Interpersonal experience of talking to a dogmatists

When we think of arguing with a dogmatic person what is the experience like for us?  For one thing, the person we’re talking with is overly certain that they are right. Going back and forth with them is not perceived as a dialectical process whereby new knowledge is created. Rather, it is like a king of the hill battle with each trying to take down the other. Closely related to this overconfidence in argument is a dualistic way of posing the problems. You are either right or wrong. There is nothing in between. There is no middle ground, no messiness. Dogmatic thinkers are rigid in their structures.

This article will follow Judy J. Johnson’s book What’s So Wrong with Being Absolutely Right: The Dangerous Nature of Dogmatic Belief. Judy Johnson identifies fourteen characteristics of dogmatic thinking. Five include mental predispositions, four have to do with emotional disorders and the rest having to do with behavior. In Part II of this article, we will identify the causes of dogmatism, covering the fields of sociology, psychology, bio-evolutionary Darwinism and physiology.

Dogmatism and a Family of Resemblances

Working towards a brief definition, dogmatism is a characteristic that combines cognitive, emotional and behavioral characteristics that result in prejudicial closed-minded belief systems that are pronounced with rigid certainty. It is driven by a) emotional anxiety, b) cognitive narrowness, and c) energized behavior. However, It is true that in stressful situations most of us will have some of these features but not as a way of life.  In the average person fatigue, boredom, depression and illness might also produce dogmatism, but only temporarily. A dogmatist will claim to know things with certainty without evidence. A radical skeptic says we can know nothing unless it is certain. Neither dogmatists nor skeptics conduct open-minded inquiry. An open-minded person will say that while nothing is certain, some facts are closer to certainty than others.

Dogmatists are not the same as fanatics

According to Bob Altemeyer in his book Authoritarian Specter, dogmatists, fanatics and zealots are soulmates with some distinctions. He says that fanatics and zealots show excessive frenzied enthusiasm for beliefs that have an absurd or bizarre quality. While some dogmatists are likely to share some of these beliefs, most do not have the emotional extreme dimension of a fanatic or zealot. In general, fanatics occupy what has been called the lunatic fringe, while dogmatists appears relatively more moderate in their beliefs and they imply less dramatic action. Political or religious zealous dogmatists can move society in extraordinary directions. People championing religious beliefs had the highest zealot and highest DOG scores in Altemeyer’s research.
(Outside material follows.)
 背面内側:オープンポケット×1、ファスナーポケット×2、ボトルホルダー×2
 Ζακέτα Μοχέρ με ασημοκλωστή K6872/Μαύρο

Critical thinking is not the opposite of dogmatic thinking

Johnson points out that although much has been written about how to promote critical thinking skills like inductive and deductive reasoning, abstract analysis, synthesis and evaluation of data, less attention has been given to the deeper psychological conditions that seriously impair one’s ability to think critically at all. Johnson point out that dogmatists can take a class in critical thinking, but if unmet sociological, psychological and biological needs are pushing them in dogmatic directions, their minds will not be sufficiently open to turn theory into practice beyond the class.
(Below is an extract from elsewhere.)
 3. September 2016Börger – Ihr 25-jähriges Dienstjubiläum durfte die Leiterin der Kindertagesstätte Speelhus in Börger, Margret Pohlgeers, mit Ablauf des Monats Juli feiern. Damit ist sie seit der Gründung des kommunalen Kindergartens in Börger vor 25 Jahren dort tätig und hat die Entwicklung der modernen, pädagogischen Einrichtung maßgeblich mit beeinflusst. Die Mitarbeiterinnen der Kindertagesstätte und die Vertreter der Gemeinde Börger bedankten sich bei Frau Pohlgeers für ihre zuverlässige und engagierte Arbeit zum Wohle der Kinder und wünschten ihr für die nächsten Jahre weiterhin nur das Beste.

Dogmatic vs Openminded Thinking

Fourteen characteristics of dogmatic thinking

  1. Intolerance of ambiguity: black and white, either/or thinking
  2. Defense cognitive closure (having barbed wire around declarations)
  3. Rigid certainty (cannot state the conditions for being proven wrong)
  4. Compartmentalization: sealing off contradictory beliefs
  5. Lack of self-reflectiveness: refusal to bend-back and analyze themselves
  6. Belief associated with anxiety or fear (they underestimate their ability to cope)
  7. Lack of a sense of humor to keep perspective
  8. If humor is used, it is sarcasm at own or others’ expense
  9. Belief associated with anger: oversensitivity to unintentional infringements
  10. Excessive pessimism
  11. Preoccupation with power and status
  12. Glorification of in-group vilification of out-group
  13. Authoritarian submission: excessive obedience and blind trust of authorities
  14. Authoritarian aggression towards minorities
  15. Arrogant, dismissive communication style

Openminded thinking

People who are open-mindedness have little need to change the beliefs and values of people who think differently, unless opposing beliefs directly threaten their own or others’ freedom. They confront the issue, not the person, rarely infer motives for an opponent’s stated beliefs or jump to conclusions when someone changes the topic. Johnson notes that dogmatism should not be confused with open-minded, passionate social activism which creates popular movements. Open-minded people speak out, they do not lash out.

They are willing to suspend judgment and admit they do not know. They explore multiple points of view and are less preoccupied with social conventions. Open-minded people are not easily manipulated by propaganda. They are less vulnerable to external reinforcements like flattery or bribery. Because they are self-reflective they can recognize when their personal needs shape, control, or distort information. When a truth seems to be discovered, their approach is conditional, probable, not absolute, and final. Cognitively flexible adults are more likely to have been raised by parents who enabled them to feel securely attached. Table A at the end of the article compares the fourteen characteristics of dogmatic thinking with my interpretation based on Judy Johnson’s description of what open-mindedness would look like.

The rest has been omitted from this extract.